# Stored data:

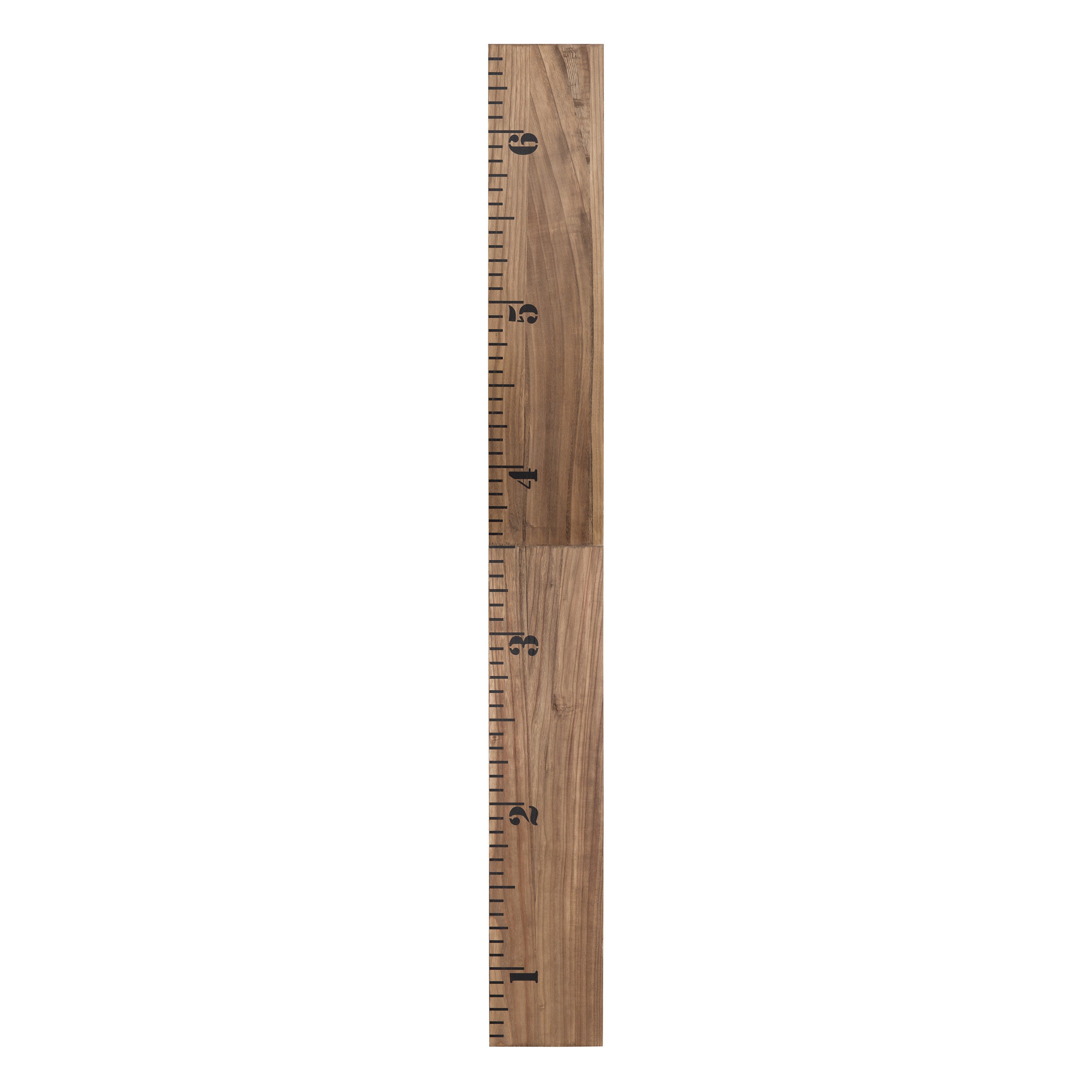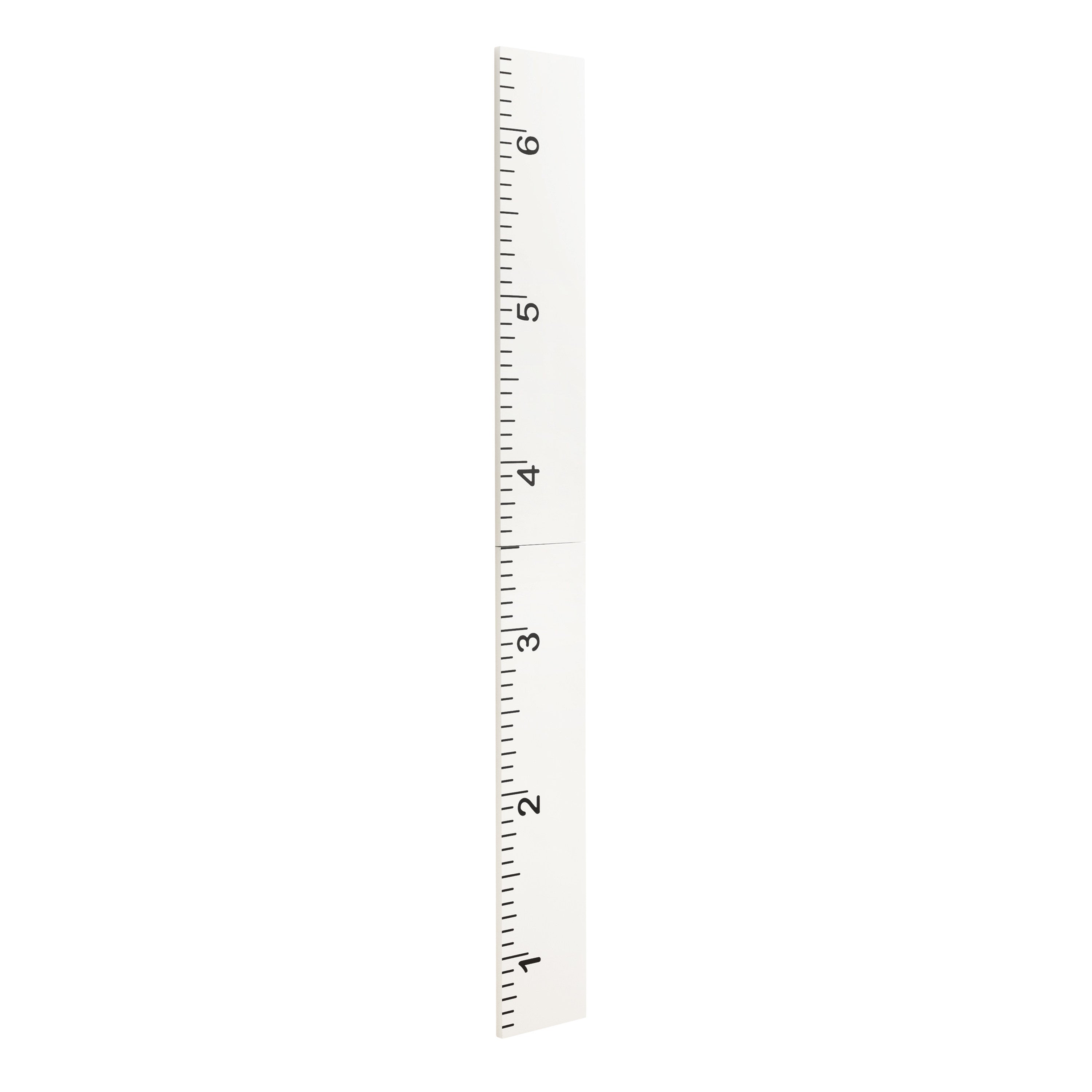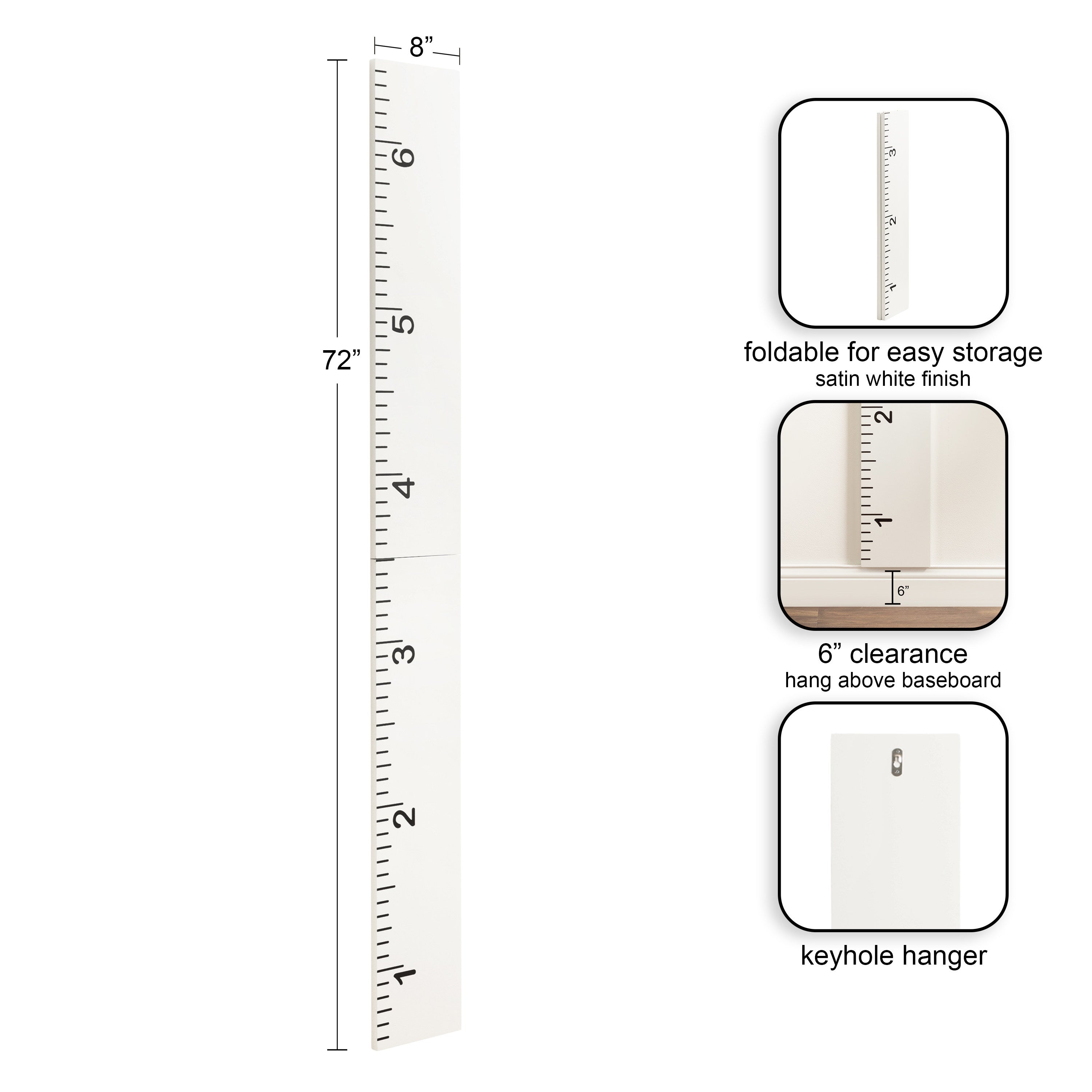 You and your child will love to celebrate growth in charming style with this wall ruler growth chart. To ensure accurate measurements, this growth chart is intended to be mounted to the wall six inches off the ground. That will allow you to measure up to 6.5 feet as the ruler itself is six feet tall. This allows you to hang it on walls that have baseboards with no issue. The overall dimensions are 8 inches wide, 0.75 inches deep, and 72 inches high. The ruler ships fully assembled, simply unfold the hinge and hang the ruler on your wall to start measuring. Hang this ruler in a kitchen, entryway, or child's bedroom and have fun measuring your child's growth in style! Attached to the back of this growth chart is a metal keyhole hanger, making wall mounting both simple and secure.
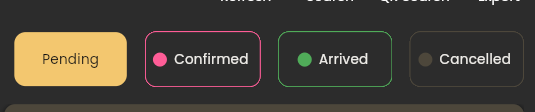 2. Kedua Bisa Melihat Pada “Reservation” lalu gambar di bawah ini ada pada pojok kanan atas. 4 Status ini Pending, Confirmed, Arrived, Cancelled bisa di klik untuk mengetahui apakah reservasi customer sudah berhasil atau belum berhasil. Karena terkadang ada customer yang sudah booking namun status reservasinya belum masuk ke pending dan di layout masih berwarna kuning yang artinya meunggu pembayaran. Jika status reservasinya ada di Pending artinya reservasi sudah berhasil dan tinggal menunggu customer datang ke outlet. Jika Reservasinya hilang, boleh melakukan pengecekan di semua status lainnya seperti di Confirmed, Arrived, atau Cancelled.
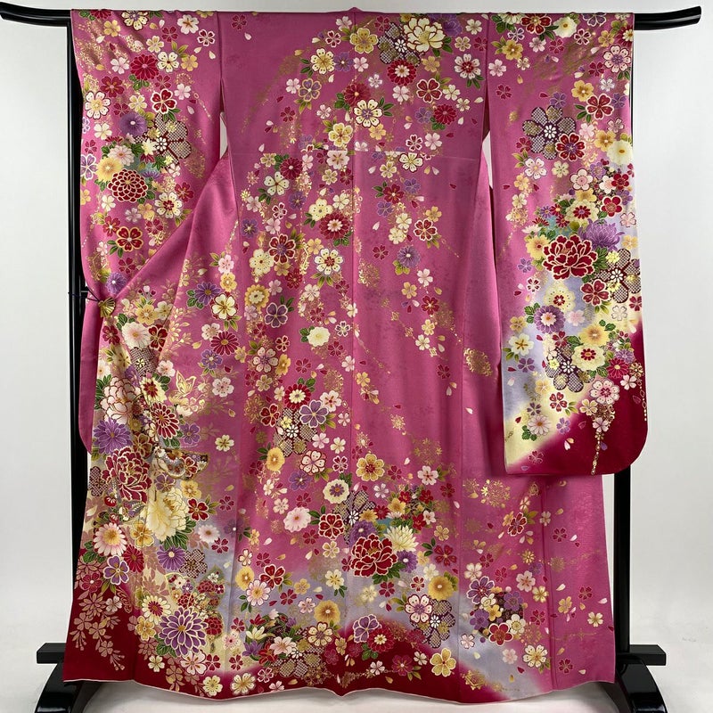 【振袖】 赤系 ピンク 逸品 A 約160cm~約169cm 裄丈63cm-64cm M 袖丈91cm以上 30000- 美品 五万以下
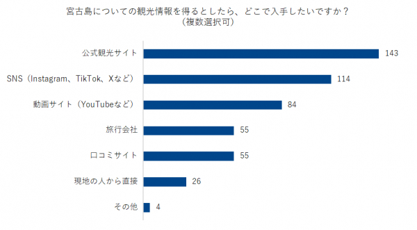 宮古島の観光情報の入手先についてたずねたところ、「公式観光サイト」が143人で最多となりました。次いで「SNS(Instagram、TikTok、Xなど)」114人、「動画サイト(YouTubeなど)」84人、「旅行会社」「口コミサイト」が同率で55人、「現地の人から直接」26人、「その他」4人と続きます。

# Problem details:
Retype, word for word, only the line holding "30000- 美品 五万以下" and the lines after it through the final line of the listing above, and leave every picture out.

# Response below:
 【振袖】 赤系 ピンク 逸品 A 約160cm~約169cm 裄丈63cm-64cm M 袖丈91cm以上 30000- 美品 五万以下
 宮古島の観光情報の入手先についてたずねたところ、「公式観光サイト」が143人で最多となりました。次いで「SNS(Instagram、TikTok、Xなど)」114人、「動画サイト(YouTubeなど)」84人、「旅行会社」「口コミサイト」が同率で55人、「現地の人から直接」26人、「その他」4人と続きます。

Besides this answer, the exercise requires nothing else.